In [8]:
import pandas as pd
import re

In [4]:
magic = open("./data/magic.txt").readlines()

This is what the data looks like:

In [7]:
magic[0:5]

['CardName: Absorb CardCost: {W}{U}{U} CardType: Instant CardEffect: Counter target spell. You gain 3 life.\n',
 'CardName: Acclaimed Contender CardCost: {2}{W} CardType: Creature — Human Knight CardEffect: When Acclaimed Contender enters the battlefield, if you control another Knight, look at the top five cards of your library. You may reveal a Knight, Aura, Equipment, or legendary artifact card from among them and put it into your hand. Put the rest on the bottom of your library in a random order.\n',
 'CardName: Act of Treason CardCost: {2}{R} CardType: Sorcery CardEffect: Gain control of target creature until end of turn. Untap that creature. It gains haste until end of turn. (It can attack and {T} this turn.)\n',
 'CardName: Aerial Assault CardCost: {2}{W} CardType: Sorcery CardEffect: Destroy target tapped creature. You gain 1 life for each creature you control with flying.\n',
 'CardName: Aeromunculus CardCost: {1}{G}{U} CardType: Creature — Homunculus Mutant CardEffect: Flying 

Testing the regex code to filter information

In [27]:
# name
print(re.findall(r'CardName: (.*) CardCost', magic[0]))
# cost
print(re.findall(r'CardCost: (.*) CardType', magic[0]))
# type
print(re.findall(r'CardType: (.*) CardEffect', magic[0]))
# effect
print(re.findall(r'CardEffect: (.*)\n', magic[0]))

['Absorb']
['{W}{U}{U}']
['Instant']
['Counter target spell. You gain 3 life.']

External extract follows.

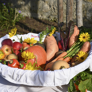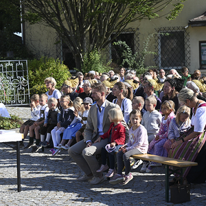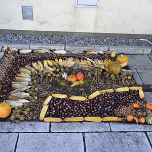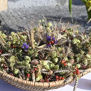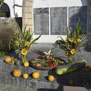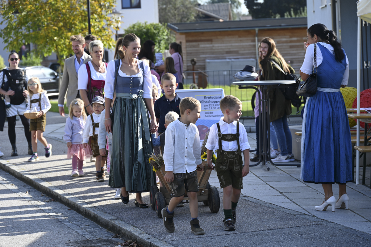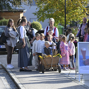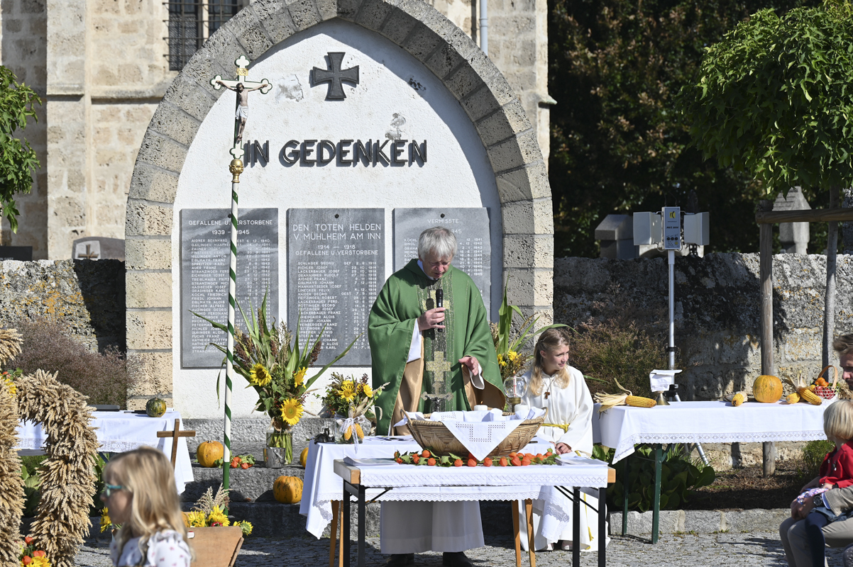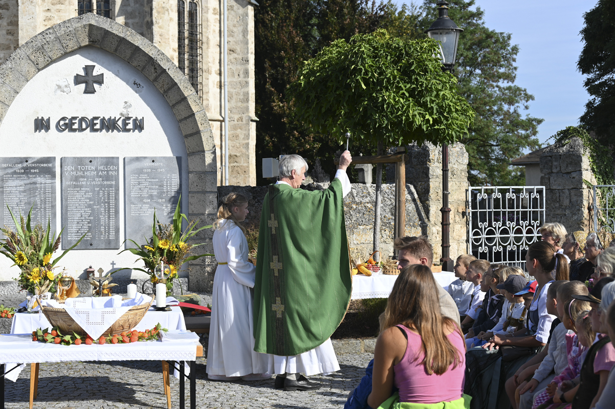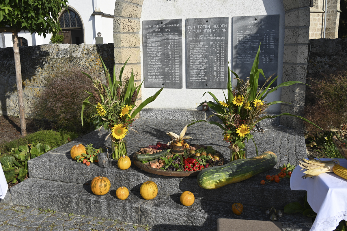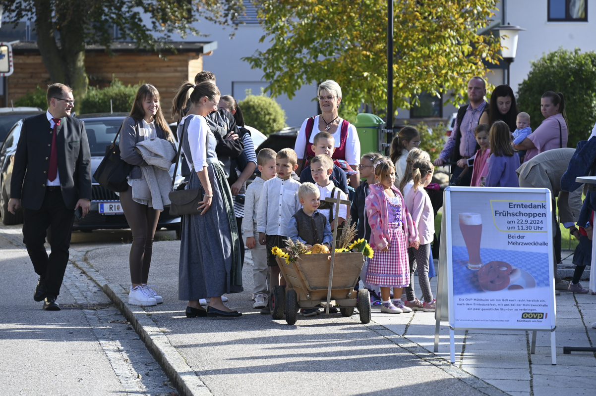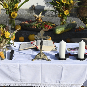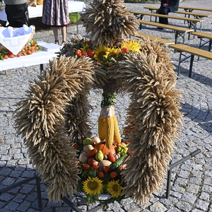 Danke den Bäuerinnen für die sehr schöne Erntekrone, dem Kindergarten für ihr Wagerl mit Früchten des Herbstes, dem Pfarrhofgarten für Korb, anderen Gärtnern für Obst und Früchte, danke für die schönen Erntebüscherl, generell für Blumenschmuck. Das war heuer ja das Thema: "Seht euch die Lilien des Feldes an" .

Extracting information and converting it to a `pd.DataFrame`

In [34]:
magic_data = {"name": [],
              "cost": [],
              "type": [],
              "effect": []}

for magic_card in magic:
    magic_data["name"].append(re.findall(r'CardName: (.*) CardCost', magic_card)[0])
    magic_data["cost"].append(re.findall(r'CardCost: (.*) CardType', magic_card)[0])
    magic_data["type"].append(re.findall(r'CardType: (.*) CardEffect', magic_card)[0])
    magic_data["effect"].append(re.findall(r'CardEffect: (.*)\n', magic_card)[0])

magic_data = pd.DataFrame.from_dict(magic_data)

In [35]:
magic_data.head(5)

Unnamed: 0,name,cost,type,effect
0,Absorb,{W}{U}{U},Instant,Counter target spell. You gain 3 life.
1,Acclaimed Contender,{2}{W},Creature — Human Knight,When Acclaimed Contender enters the battlefiel...
2,Act of Treason,{2}{R},Sorcery,Gain control of target creature until end of t...
3,Aerial Assault,{2}{W},Sorcery,Destroy target tapped creature. You gain 1 lif...
4,Aeromunculus,{1}{G}{U},Creature — Homunculus Mutant,Flying {2}{G}{U}: Adapt 1. (If this creature h...


![image.png](attachment:image.png)

In [44]:
tokens_of_interest = ["Creature", "Sorcery", "Instant", "Enchantment", "Artifact"]

for token in tokens_of_interest:
    print(f"{token}: {magic_data.loc[:, ["type"]].apply(lambda row: len(re.findall(token, row["type"])), axis=1).sum()}")

Creature: 733
Sorcery: 185
Instant: 215
Enchantment: 85
Artifact: 108


Alternative way, which is more elegant

In [52]:
for token in tokens_of_interest:
    print(f"{token}: {magic_data.type.str.count(token).sum()}")

Creature: 733
Sorcery: 185
Instant: 215
Enchantment: 85
Artifact: 108